I know this one is a bit complex. I tried my best to explain the bug I believe the problem is in changing Euler angles to a quat.


Solution

  • Regarding the conversion from PxQuat to glm::quat, do read the documentation at https://en.cppreference.com/w/cpp/language/explicit_cast and https://en.cppreference.com/w/cpp/language/reinterpret_cast and look for undefined behavior in the page on reinterpret_cast. As far as I can tell, that c-style cast is not guaranteed to work, or even desirable. While I am digressing at this point, but remember that you have two options for this conversion.

    glm::quat glmQuat = GenerateQuat();
    physx::PxQuat someQuat = *(physx::PxQuat*)(&glmQuat); //< (1)
    physx::PxQuat someOtherQuat = ConvertGlmQuatToPxQuat(glmQuat); //< (2)
    

    (1) This option has potential to result in undefined behavior but more importantly, you did not save a copy. That statement is certain to result in 1 copy constructor invocation.

    (2) This option, on account of return value optimization, will also result in a single construction of physx::PxQuat.
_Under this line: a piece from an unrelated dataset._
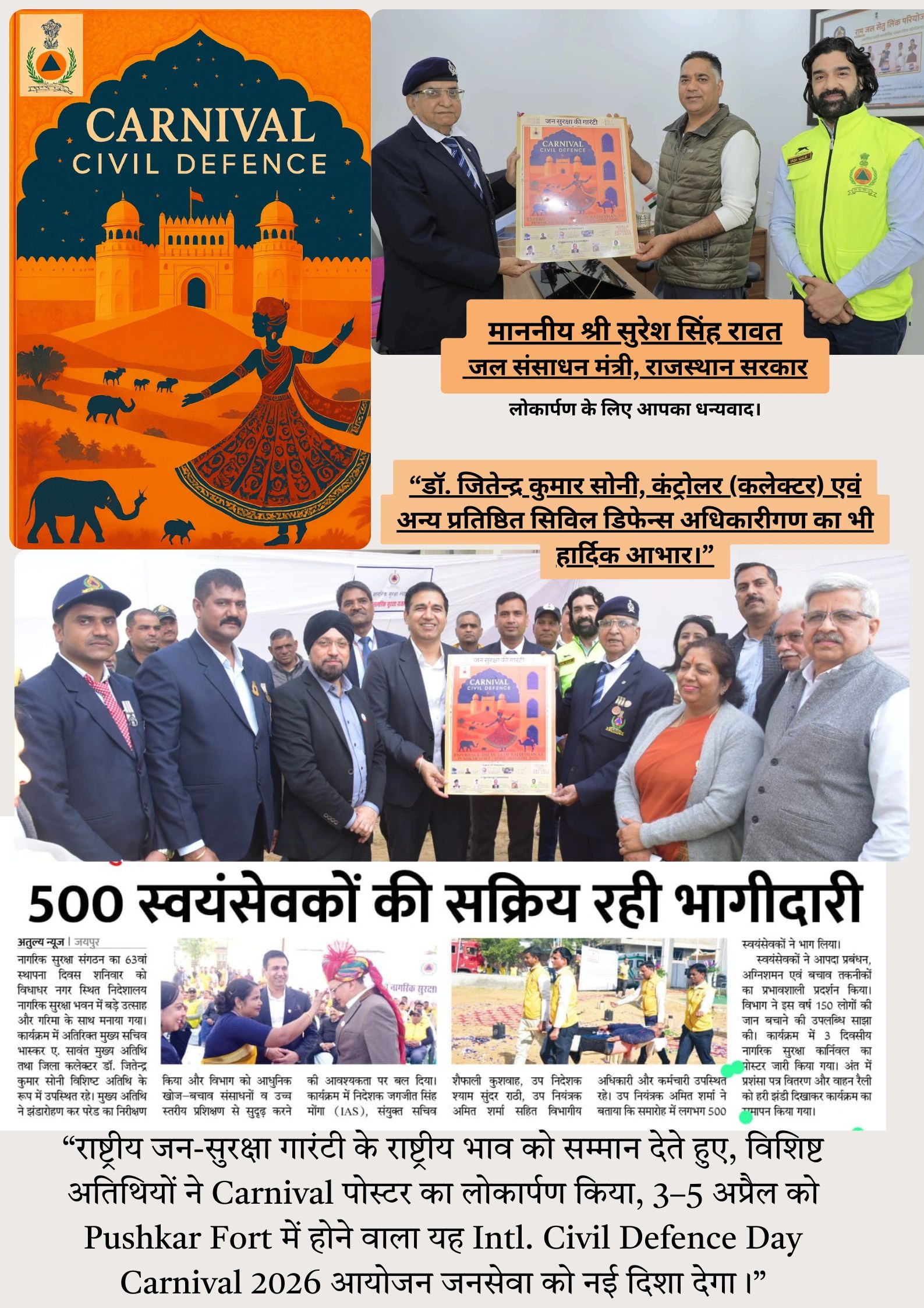 नागरिक सुरक्षा की वार्डन सर्विसेज, जो पूर्णतया निःशुल्क और समर्पित भावना से कार्य करती है, के चीफ वार्डन, डिप्टी चीफ वार्डन तथा अन्य स्वयंसेवकों ने एक आयोजन समिति का गठन किया है। इसी क्रम में, "जन सुरक्षा की गारंटी" की थीम के साथ इंटरनेशनल सिविल डिफेंस डे को चिह्नित करते हुए, सिविल डिफेंस कार्निवल एट पुष्कर का आयोजन किया जा रहा है।

    So in effect, by taking option (1), you do not save any cost but are risking undefined behavior. With option (2), cost is the same but code is now standards compliant. Now back to the original point.

    I would ordinarily do everything in my capacity to avoid using euler angles as they are error prone and far more confusing than quaternions. That said here is a simple test you can set up to test your quaternion conversion from euler angles (keep physx out of this for the time being).

    You need to generate the following methods.

    glm::mat3 CreateRotationMatrix(glm::vec3 rotationDegrees);
    glm::mat3 CreateRotationMatrix(glm::quat inputQuat);
    glm::quat ConvertEulerAnglesToQuat(glm::vec3 rotationDegrees);
    

    and then your pseudo code for the test looks like below.

    for (auto angles : allPossibleAngleCombinations) {
        auto expectedRotationMatrix = CreateRotationMatrix(angles);
        auto convertedQuat = ConvertEulerAnglesToQuat(angles);
        auto actualRotationMatrix = CreateRotationMatrix(convertedQuat);
        ASSERT(expectedRotationMatrix, actualRotationMatrix);
    }
    

    Only if this test passes for you, can you then look at the next problem of converting them to PxQuat. I would guess that this test is going to fail for you. The one advice I would give is that one of the input angles, (depends on convention) needs to be range limited. Say, if you keep your yaw angle limited between -90, 90 degrees, chances are your test might succeed. This is because, there are a non-unique combination of euler angles that can result in the same rotation matrix.